Langley signed a new 3-year contract on 3 April 2007 to keep at the Bulls until 2010. Langley missed the later part of 2007 through injury.

==Representative==
===England===
Langley captained the England Academy team that famously defeated the Australian schoolboys side.

Langley won caps for England while at Bradford Bulls in 2004 against Russia, France, and Ireland.

In September 2008 he was named in the England training squad for the 2008 Rugby League World Cup, and in October 2008 he was named in the final 24-man England squad.

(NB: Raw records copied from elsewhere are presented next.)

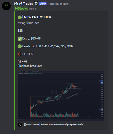 One of our sharpest analysts, Mr. M, just dropped a juicy swing trade idea in the TradingLab community that you don’t want to miss. We’re talking about SharkNinja, Inc. ($SN) – a stock that's been on an absolute tear, and with recent earnings, it’s showing no signs of stopping.
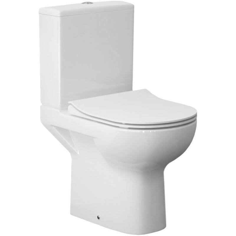 Безободковый напольный унитаз с тонким быстросъемным дюропластовым сиденьем, оснащенным системой плавного закрывания (микролифтом). Горизонтальный выпуск. Двойной смыв: 3 и 6 л. Отсутствие внутреннего нависающего обода полностью решило проблему труднодоступных мест. С технологией CleanOn унитаз дольше остается чистым и безопасным. Эргономичная и изогнутая форма форсунки: вода впрыскивается под высоким давлением и тщательно омывает чашу, удаляя загрязнения.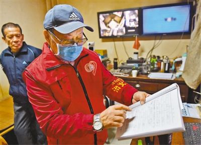 为改善社区治安状况,陕西省西安市莲湖区桃园路街道劳动一坊社区成立了一支由党员和群众组成的“萤火虫”志愿巡逻队,协助社区开展治安巡逻、纠纷调解等工作。图为巡逻队队员在查看社区出入人员的登记信息。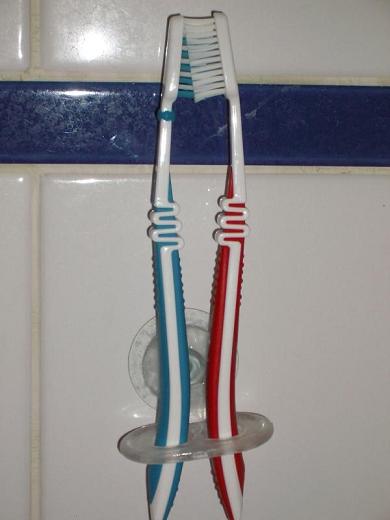 (photo prise par l’ami phoenix dans ma salle de bains, preuve d’une communication dentaire entre mon homme et moi. Blue for him, Red for me)
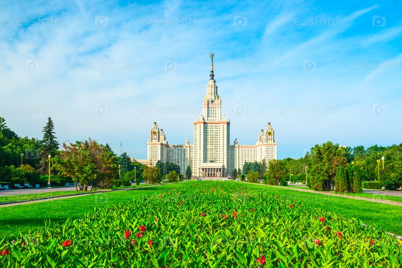 Прекрасный солнечный вид на сталинскую высотку МГУ имени М.В. Ломоносова. Россия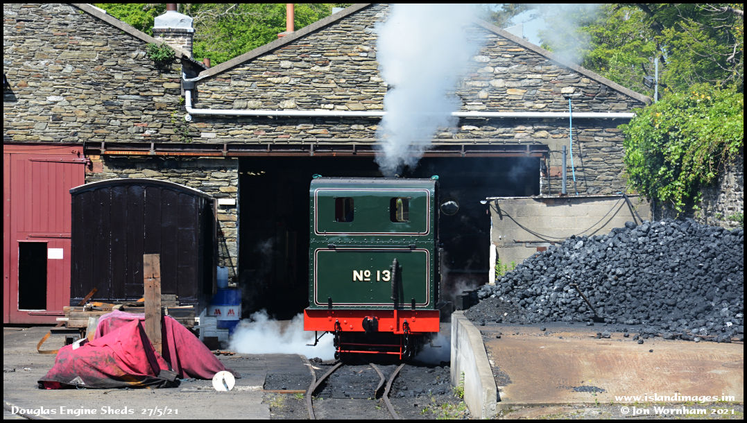 'Kissack' about to enter the engine shed to top up the water tanks, before emerging again to take more coal. There is a 45 minute turn-round time before the next departure back to Port Erin.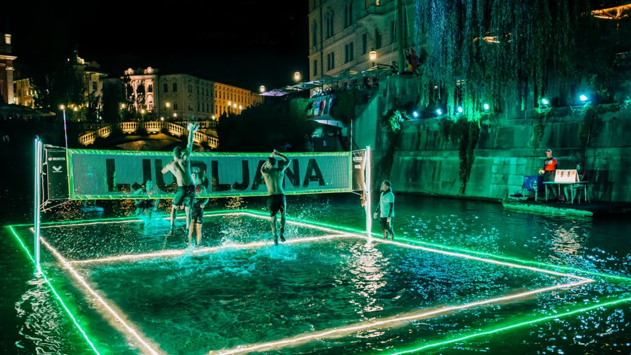 Το Βόλεϊ στο Νερό δεν είναι απλώς μια αθλητική εκδήλωση. Είναι ένα σουρεαλιστικό αστικό θέαμα που μετατρέπει τον ποταμό Λιουμπλιάνιτσα σε μια λαμπερή αρένα φωτός, κίνησης και συναισθήματος.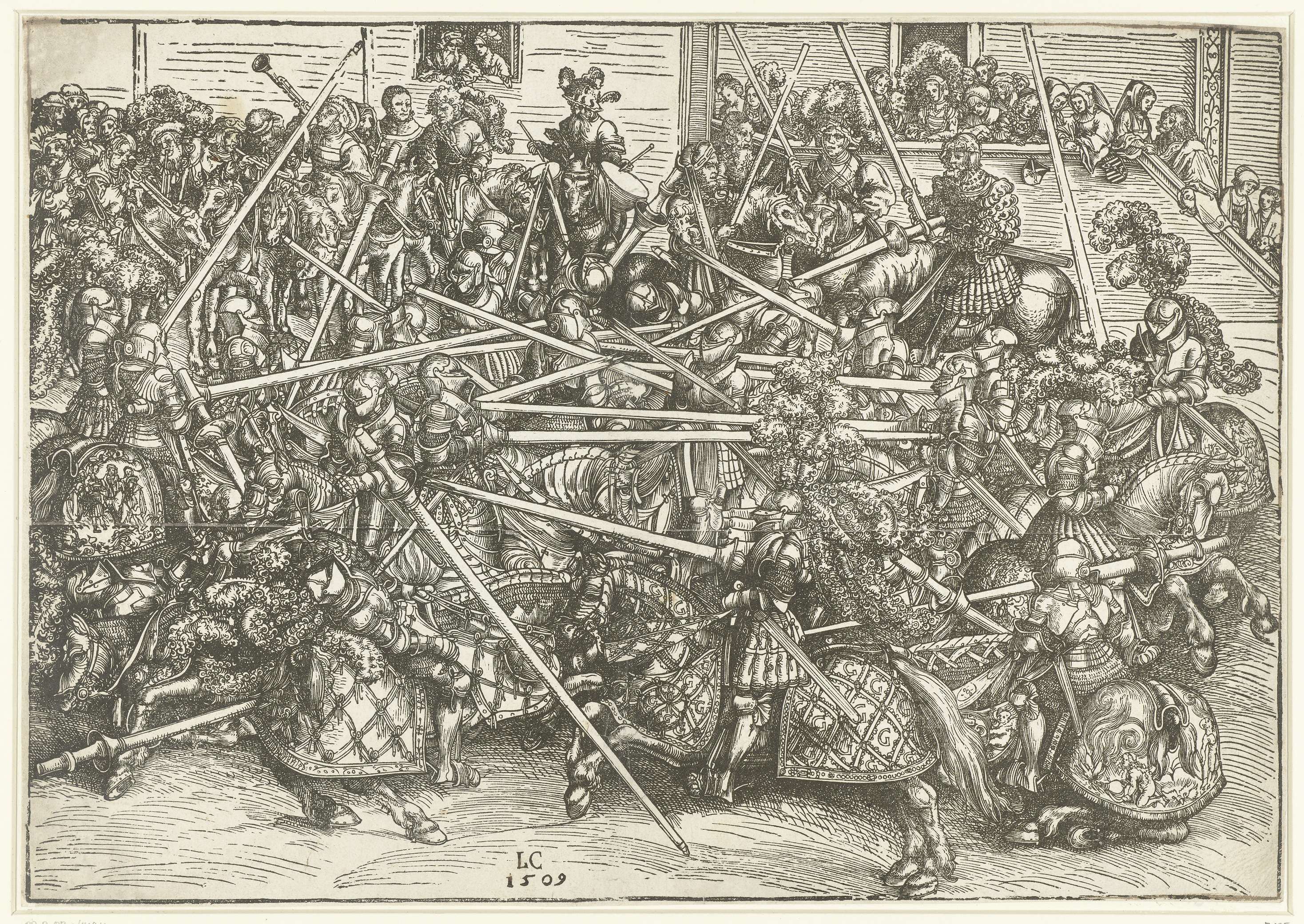 Toernooi in Wittenberg georganiseerd door het hof van Saksen. Ridders te paard rijden op elkaar in terwijl ze met lansen proberen hun tegenstander uit het zadel te werken. Linksachter staat een groep muzikanten, gezeten op paarden, te blazen op trompetten en te slaan op trommels. Op een balkon staat de adel als toeschouwer. Twee schilden ...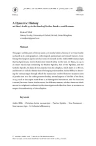 This paper unfolds parts of the dynamic, yet mostly hidden, history of MS Sinai Arabic 151 based on its paleographical, codicological, paratextual, and textual features. Combining these aspects opens new horizons of research in the Arabic Bible manuscripts that had previously received attention limited solely to the text. MS Sinai, Ar. 151 is an intact manuscript containing the Pauline Epistles, Acts of the Apostles, and the Catholic Epistles. Its fame derives mainly from its colophon, which dates it to 867 CE, and bestows it with the distinction of belonging to the earliest Arabic Bibles. In observing the various stages through which the manuscript evolved from two separate units of production into the codex preserved today, several aspects of the life of MS Sinai, Ar. 151, such as the copies made from it, its damage and restoration, and the functions it served, become clearer. Furthermore, for different reasons, scholars have cast shadows on its colophon’s authenticity. Our investigation clarifies that there is no reason to suspect the authenticity of the colophon.

He was named in the England team to face Wales at the Keepmoat Stadium prior to England's departure for the 2008 Rugby League World Cup.

===Great Britain===
In June 2007, Langley was called up to the Great Britain squad for the Test match against France He was also called up for the Great Britain Train on Squad for the test series with New Zealand.

==Coaching career==

===London Broncos===
On 13 October 2015, Langley announced he had retired from playing rugby league and was appointed head coach of the academy at the London Broncos (who compete in the u19s and u16s Super League Academy leagues) on a 2-year contract.

=== Sale Sharks ===
Langley joined Sale Sharks as Peak Performance Coach in May 2021, joining former team mates Paul Deacon and Mike Forshaw at the club.

==Statistics==
===Club career===

| Season | Appearance | Tries | Goals | F/G | Points |
|---|---|---|---|---|---|
| 2002 Bradford Bulls | 2 | 0 | 0 | 0 | 0 |
| 2003 Bradford Bulls | 16 | 2 | 0 | 0 | 8 |
| 2004 Bradford Bulls | 30 | 8 | 0 | 0 | 32 |
| 2005 Bradford Bulls | 26 | 10 | 0 | 0 | 40 |
| 2006 Bradford Bulls | 30 | 6 | 0 | 0 | 24 |
| 2007 Bradford Bulls | 18 | 4 | 0 | 0 | 16 |
| 2008 Bradford Bulls | 28 | 2 | 0 | 0 | 8 |
| 2009 Bradford Bulls | 26 | 2 | 0 | 0 | 8 |
| 2010 Bradford Bulls | 20 | 0 | 0 | 0 | 0 |
| 2011 Bradford Bulls | 15 | 0 | 0 | 0 | 0 |
| 2012 Bradford Bulls | 25 | 4 | 0 | 0 | 16 |
| 2013 Bradford Bulls | 20 | 2 | 0 | 0 | 8 |
| 2014 Hull KR | 9 | 1 | 0 | 0 | 4 |
| 2015 Sheffield Eagles | 5 | 1 | 0 | 0 | 4 |
| Total | 270 | 42 | 0 | 0 | 168 |

===Representative career===

| Year | Team | Matches | Tries | Goals | Field Goals | Points |
|---|---|---|---|---|---|---|
| 2004 | ENG England | 3 | 0 | 0 | 0 |  |
| 2007 | Great Britain | 1 | 0 | 0 | 0 |  |
| 2008 | ENG England | 1 | 0 | 0 | 0 |  |

==Outside rugby league==
In 2013, Langley launched a clothing brand with former team mates Wayne Godwin and Duane Straugheir named 'We Are Taurus'.